Nothing but the records, transcribed exactly, should appear in the answer; leave the pictures out.

=== Section Start ===

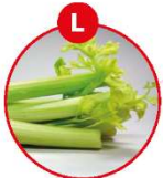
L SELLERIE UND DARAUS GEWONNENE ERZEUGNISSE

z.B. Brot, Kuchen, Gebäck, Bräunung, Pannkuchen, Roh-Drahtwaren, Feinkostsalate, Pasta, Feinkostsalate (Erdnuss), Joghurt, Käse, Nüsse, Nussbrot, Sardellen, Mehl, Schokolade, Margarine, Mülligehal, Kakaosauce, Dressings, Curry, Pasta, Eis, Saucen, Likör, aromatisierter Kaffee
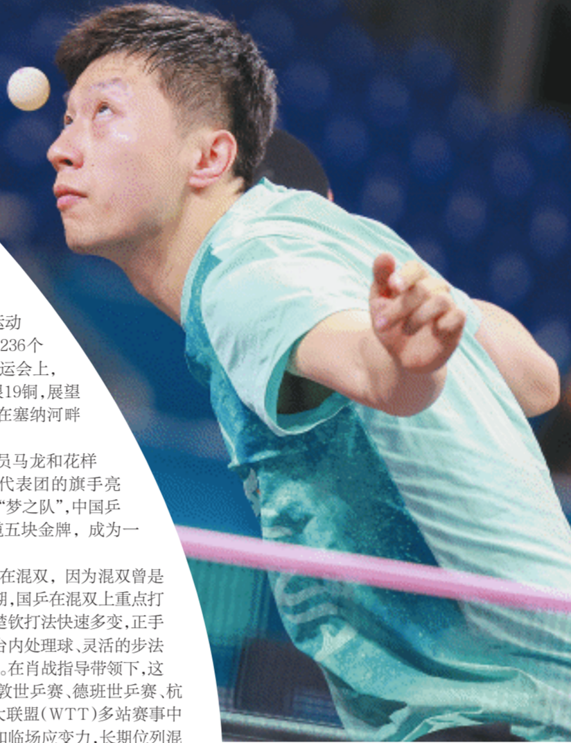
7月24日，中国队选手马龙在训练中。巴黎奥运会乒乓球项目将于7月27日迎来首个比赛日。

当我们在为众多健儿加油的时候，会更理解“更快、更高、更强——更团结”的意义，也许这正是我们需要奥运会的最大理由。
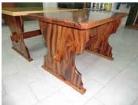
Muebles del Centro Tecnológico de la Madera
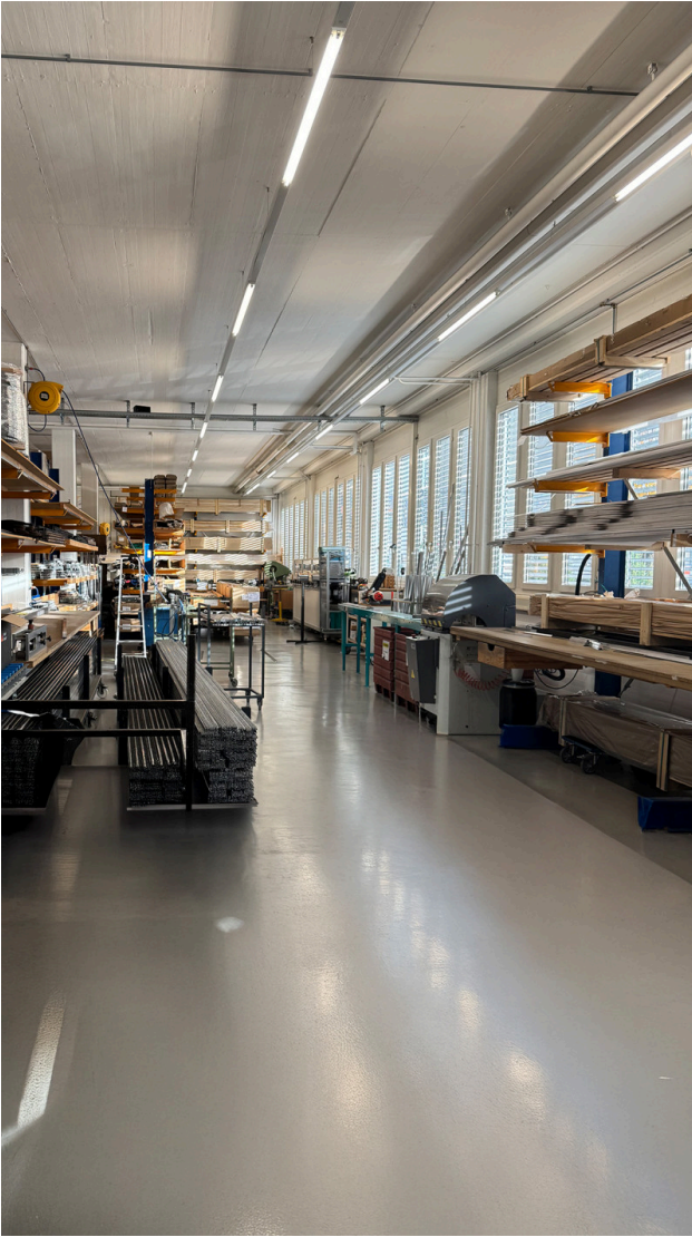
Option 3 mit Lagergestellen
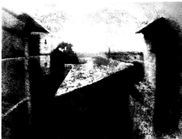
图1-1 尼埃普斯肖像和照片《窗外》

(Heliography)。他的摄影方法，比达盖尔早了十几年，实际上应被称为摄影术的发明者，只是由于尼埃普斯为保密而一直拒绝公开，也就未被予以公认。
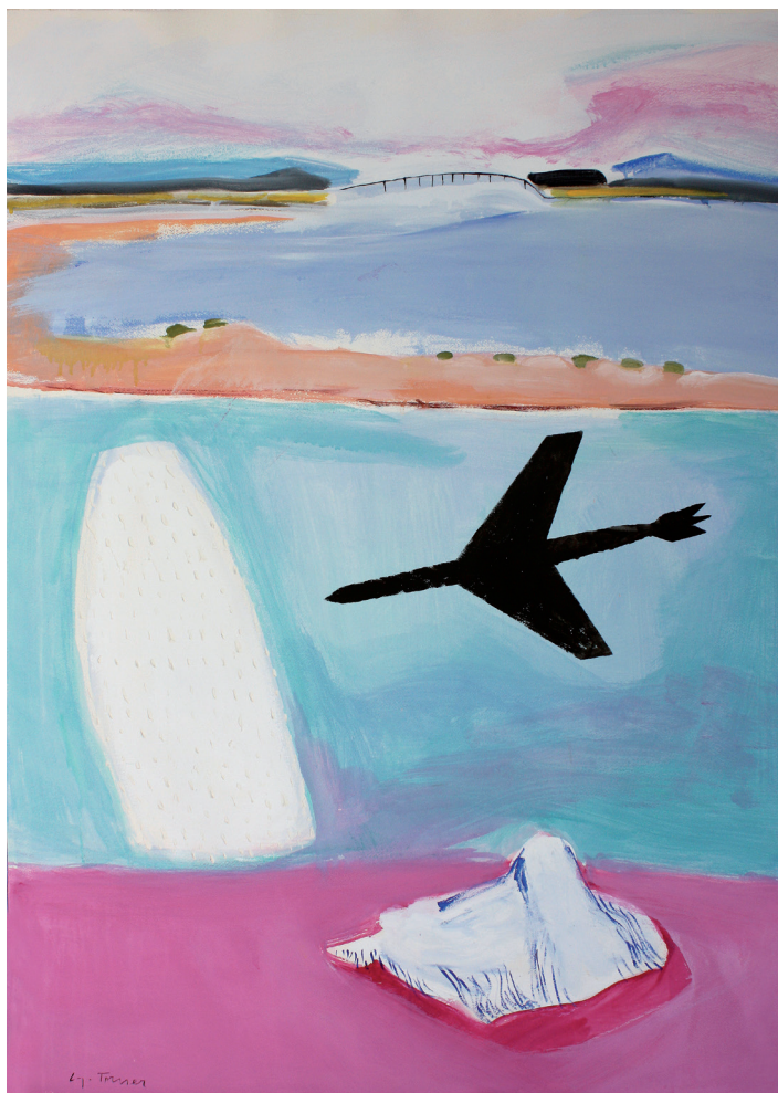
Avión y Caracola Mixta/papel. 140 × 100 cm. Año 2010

=== Section End ===

→ Solution to this task
L SELLERIE UND DARAUS GEWONNENE ERZEUGNISSE

z.B. Brot, Kuchen, Gebäck, Bräunung, Pannkuchen, Roh-Drahtwaren, Feinkostsalate, Pasta, Feinkostsalate (Erdnuss), Joghurt, Käse, Nüsse, Nussbrot, Sardellen, Mehl, Schokolade, Margarine, Mülligehal, Kakaosauce, Dressings, Curry, Pasta, Eis, Saucen, Likör, aromatisierter Kaffee
7月24日，中国队选手马龙在训练中。巴黎奥运会乒乓球项目将于7月27日迎来首个比赛日。

当我们在为众多健儿加油的时候，会更理解“更快、更高、更强——更团结”的意义，也许这正是我们需要奥运会的最大理由。
Muebles del Centro Tecnológico de la Madera
Option 3 mit Lagergestellen
图1-1 尼埃普斯肖像和照片《窗外》

(Heliography)。他的摄影方法，比达盖尔早了十几年，实际上应被称为摄影术的发明者，只是由于尼埃普斯为保密而一直拒绝公开，也就未被予以公认。
Avión y Caracola Mixta/papel. 140 × 100 cm. Año 2010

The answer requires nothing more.